Building Better Care Through Trust

When long Covid patients feel their physical symptoms are acknowledged and believed, they become more receptive to psychological approaches that help them cope. Their resistance isn’t about rejecting mental factors entirely; it’s about fearing that psychological explanations will replace medical validation of their suffering.

For the millions battling long Covid globally, recovery involves rebuilding trust in healthcare providers who believe their symptoms, friends and family who support them despite the invisibility of their condition, and their own bodies as they navigate this uncertain territory. Patients must feel heard and believed before they can engage with psychological support. When patients feel seen, psychology can become a partner rather than a threat in their healing journey.

Paper Summary

Methodology

The researchers conducted semi-structured interviews with fourteen UK residents (12 women, 2 men) aged 27-63 who had self-reported or diagnosed Long Covid. Interviews lasted 25-35 minutes and explored experiences with Long Covid, its impact, theories about symptom persistence, coping strategies, recovery perspectives, and views on psychological factors in illness. Data was analyzed using reflexive thematic analysis, an approach that identifies patterns across participants’ responses to develop meaningful themes.

Results

Analysis revealed three key themes: “Living in uncertainty” (fear about the future, frustration with limited treatments, disrupted identity), “Why should I trust you if you don’t believe me?” (broken trust with healthcare providers, social circles, and their own bodies), and “Once I know the cause, people will believe me” (seeking physical validation while rejecting psychological explanations). Transcending these themes was tension between medical expertise and lived experience.
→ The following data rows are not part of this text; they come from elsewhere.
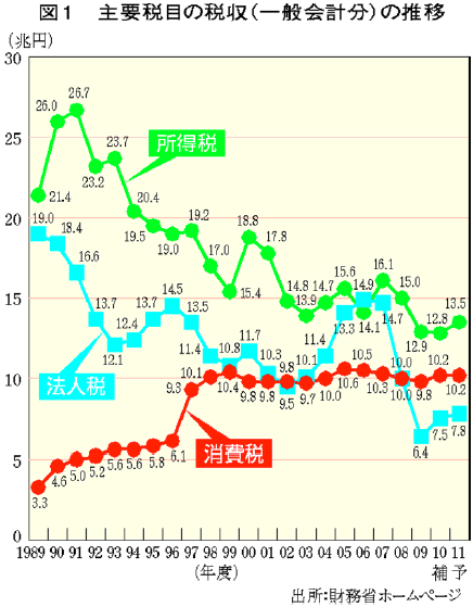 法人税収が減ったのも、大企業向けには優遇税制があるためだ。ちなみに、大銀行は決算で2000億~4000億円のもうけがありながら、法人税はゼロ (2010年)。大企業の内部留保は98年~08年で2倍に急増(財務省「法人企業統計調査」)、本当は財源はある。
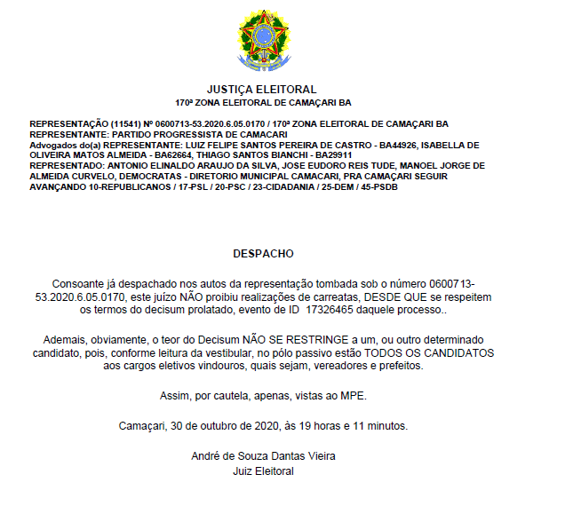 O juiz eleitoral da 170ª zona de Camaçari, André de Souza Dantas Vieira, através de despacho emitido na noite de sexta-feira (30/10), informou que as carreatas estão liberadas para acontecer no município.
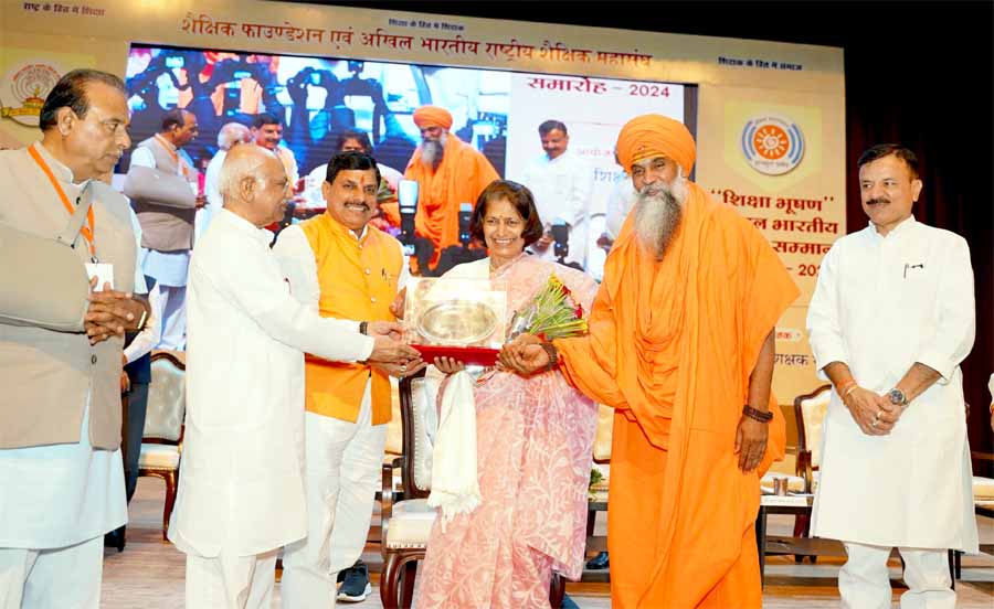 मध्यप्रदेश की राजधानी भोपाल रवींद्र भवन में “शिक्षा भूषण” अखिल भारतीय शिक्षक सम्मान समारोह में 3 महानुभावों को सम्मानित किया गया। कार्यक्रम में प्रोफेसर कुसुमलता केडिया, डॉ रामचंद्रन आर और प्रोफेसर के के अग्रवाल को शिक्षा भूषण सम्मान से सम्मानित किया गया। तीनों शिक्षकों को शॉल, श्रीफल, एक लाख रुपए का चेक, सिल्वर प्लेट और प्रशस्ति पत्र देकर सम्मानित किया।
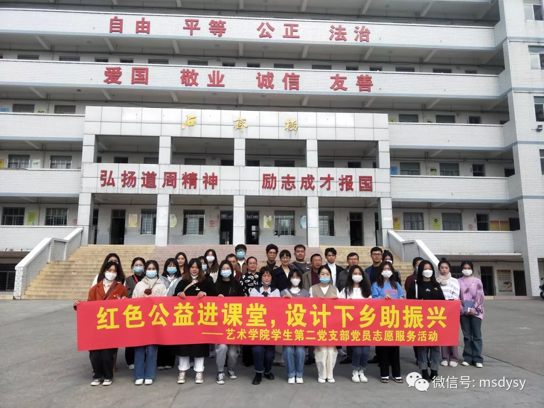本次党日活动,师生党员积极发挥音乐、美术专业优势,走进道周中学教室开展以“红色公益进课堂,设计下乡助振兴”为主题的党日活动,开展认识乐器、学唱红歌与制作五星红旗等一系列“艺术下乡”活动。
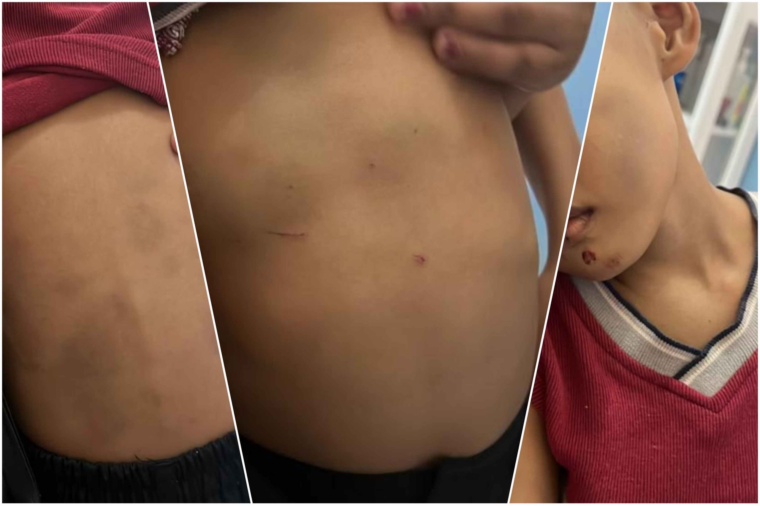 Dari beberapa foto yang beredar, terlihat di sekujur tubuh AK terdapat memar berwarna kebiruan di bagian punggung, pipi sebelah kiri dan bagian dada yang diduga akibat hantaman benda tumpul, sehingga anak malang ini harus menjalani perawatan serius di salah satu rumah sakit di Manado.

An overarching resolution emerged where some participants began accepting psychological approaches for symptom management while still seeking medical validation.

Limitations

The study faces several constraints: participants self-reported their Long Covid diagnosis, often without confirmed COVID-19 tests; the predominantly white, female sample may not represent all Long Covid experiences; and both researchers were psychologists, potentially attracting participants more open to psychological perspectives or creating pressure for socially desirable responses. The timing of the study (April 2022-March 2023) may also mean the sample differs from those receiving formal diagnoses today.

Discussion and Takeaways

The findings point to practical improvements for Long Covid care: healthcare providers should acknowledge uncertainties rather than dismissing unexplained symptoms, work collaboratively with patients as experts in their own experience, and help educate support networks. Psychological support works best alongside—not instead of—medical investigation, focusing on managing uncertainty, rebuilding identity, and understanding mind-body connections. This integrated approach could help move beyond the harmful suggestion that symptoms are “just in your head.”

Funding and Disclosures

The authors received no financial support for this research and declared no conflicts of interest. The University Ethics Committee (FHMS 21-22 282 EGA) approved the study on November 1, 2022, and all participants provided written consent.

Publication Information

The study, “Patients’ experiences of living with Long Covid and their beliefs about the role of psychology in their condition,” was authored by Saara Petker and Jane Ogden (University of Surrey) and published in the Journal of Health Psychology in 2025.